Finance directors reading the recently published new UK Corporate Governance Code, effective for financial years beginning on or after 1 January 2019, may be tempted to focus on the amount of time and other resource that will be needed to implement it, especially as it has been fully re-written this time. For successful implementation, however, they should ask how enhanced board effectiveness can lead to value generation in the business and to achieve this how implementation can best be tailored to the specific circumstances of the board and the business.
‘Less is more’ could sum up the new code, which is commendably more concise with the elimination of supporting principles so that there are now just principles and provisions. Whilst cutting the number of words, the new code also strengthens expected board practice, especially with regards to focusing on long-term sustainable success, purpose, culture, workforce engagement, diversity and, the old perennial, remuneration.
Boards will need to spend more time on purpose and culture
The new code emphasises that successful companies contribute to wider society as well as generating value for shareholders and that their boards should set the corporate purpose, values and strategy and ensure these are aligned with the culture. The board is called on to assess and monitor culture and, where it is not satisfied that they are aligned, should seek assurance that management has taken corrective action. As a result, boards will generally need both to invest more time on corporate culture and to obtain more detailed and higher quality information on the nature of the culture across the business, which may come from culture audits, employee engagement surveys which ask the right searching questions, customer feedback or regulatory reports.
On purpose, the board’s challenge is to express it in an inspiring way which may relate to doing the everyday extraordinarily well, just as much as to being at the frontiers of innovation. A clear purpose will both motivate team members and help keep the business focused on its central mission rather than getting distracted by peripheral interests.
Meanwhile, a genuine focus on long-term sustainable earnings is likely to lead to a review of KPIs to ensure they are a balanced mix of shorter term and longer-term measures covering financial and non-financial issues and leading as well as lag indicators.
Major new focus on workforce engagement
The new code also stresses the importance of ‘workforce’ engagement, which may be achieved by appointing a director from the workforce, a formal workforce advisory panel, a designated non-executive director or a combination of them.
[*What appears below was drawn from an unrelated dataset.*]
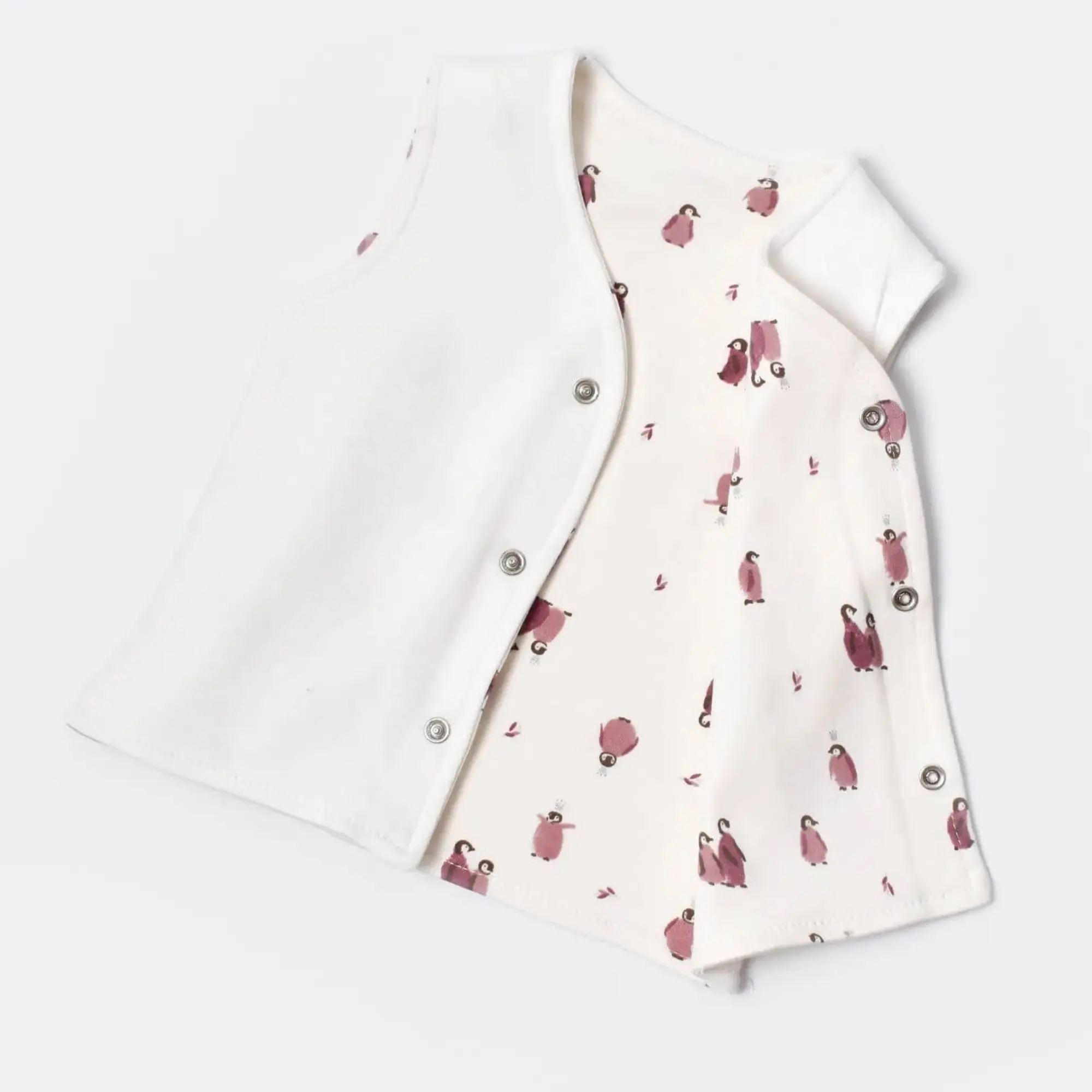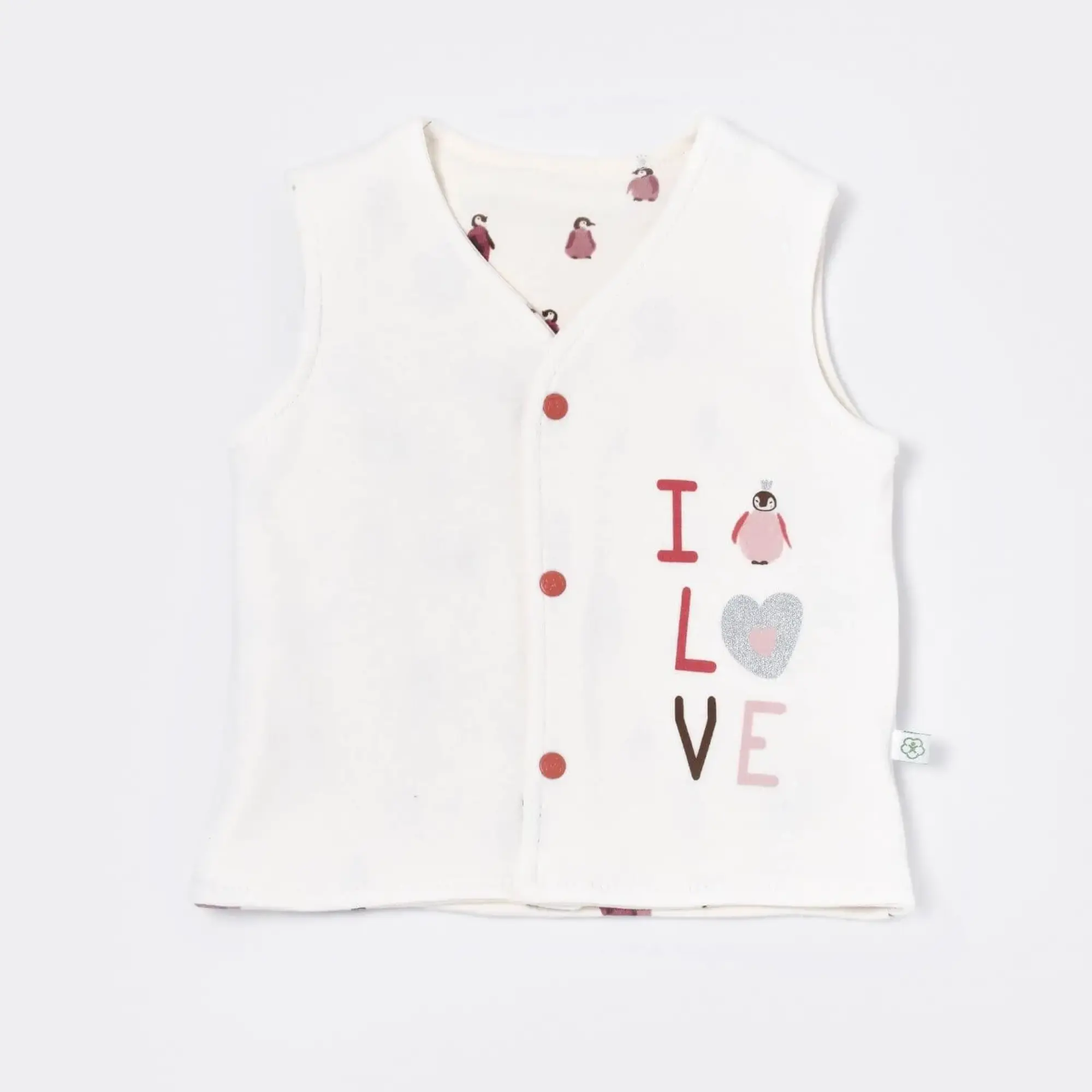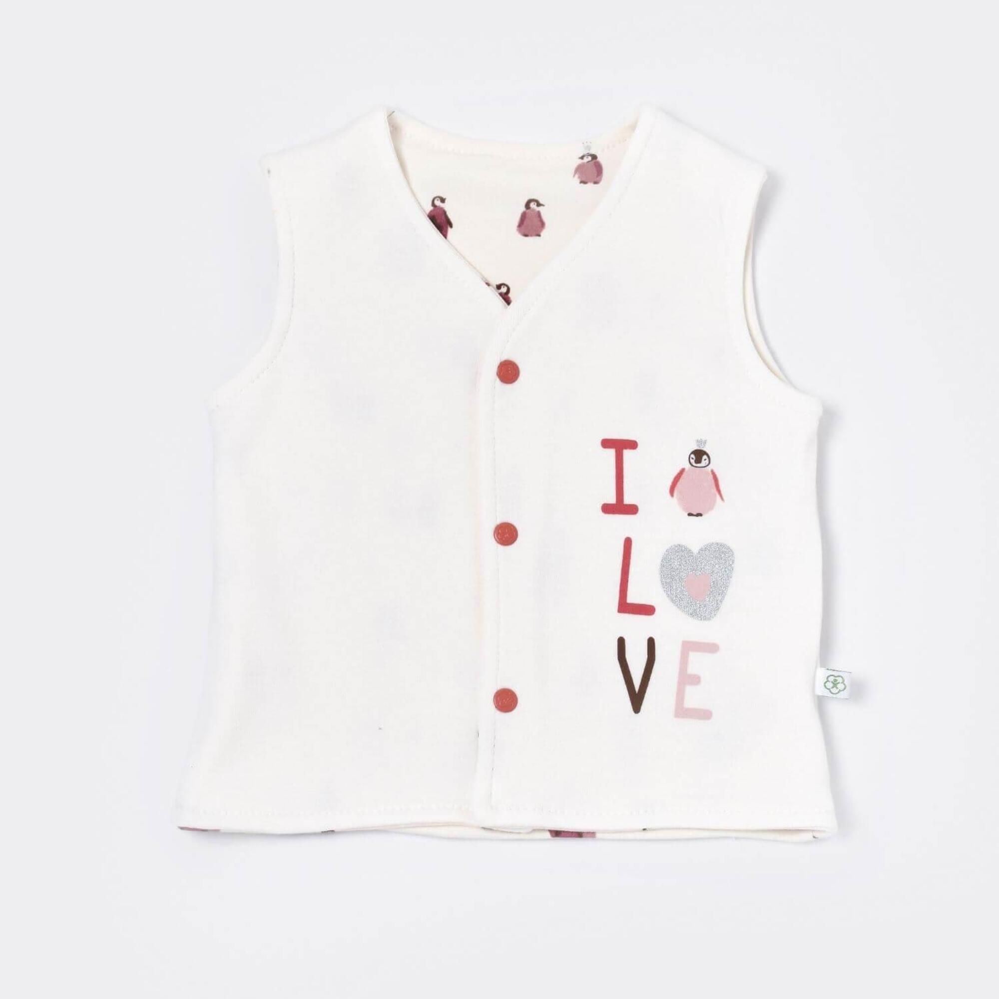 - Bebek yelek, pamuklu kumaştan üretilmiştir.

Careful implementation will be critical, particularly in global businesses where the workforce, a broader term than employees, will generally be spread across many different businesses, geographies and levels of seniority. How it is segmented for consultation purposes and the means used, eg surveys, focus groups or an elected or appointed advisory panel, will significantly influence the quality of information the board obtains and the views it hears.
Board size and composition-diversity, chair’s tenure and smaller listed boards
Diversity has also moved up the board agenda with appointments and succession planning now expected to promote diversity of gender, social and ethnic backgrounds. Very importantly, the board should oversee the development of a diverse pipeline for succession with regards to board and senior management appointments. Much remains to be done on gender diversity, with most of the gains to date being at NED rather than executive level, with even more progress required when it comes to addressing ethnic diversity in the boardroom.
Until now chairs of boards have been expected to be independent on appointment. For other board members there has been a presumption (albeit one that was open to rebuttal) that after nine years, their independence would have eroded. This also applied to Non-Executive Directors (NEDs). The new code indicates a chair should not be in post for more than nine years from the date of their first appointment to the board but, as a pragmatic concession, adds that this can be extended for a limited time particularly where the chair was on the board before assuming that role.
Smaller listed companies, those outside the FTSE350, have only been expected to have a minimum of two NEDs. However, they may now need to consider an increase in this number as all companies will be expected to have half of the board, excluding the chair, made up of independent directors.
A fresh look at remuneration
And the last word as always goes on remuneration, with the new code highlighting six areas for consideration when determining executive director remuneration policy and practices- clarity, simplicity, risk, predictability, proportionality and alignment to culture- and as will come as little surprise there are additional disclosures! As with previous initiatives in this area these changes are unlikely to stop remuneration being the main item for discussion between boards and their investors.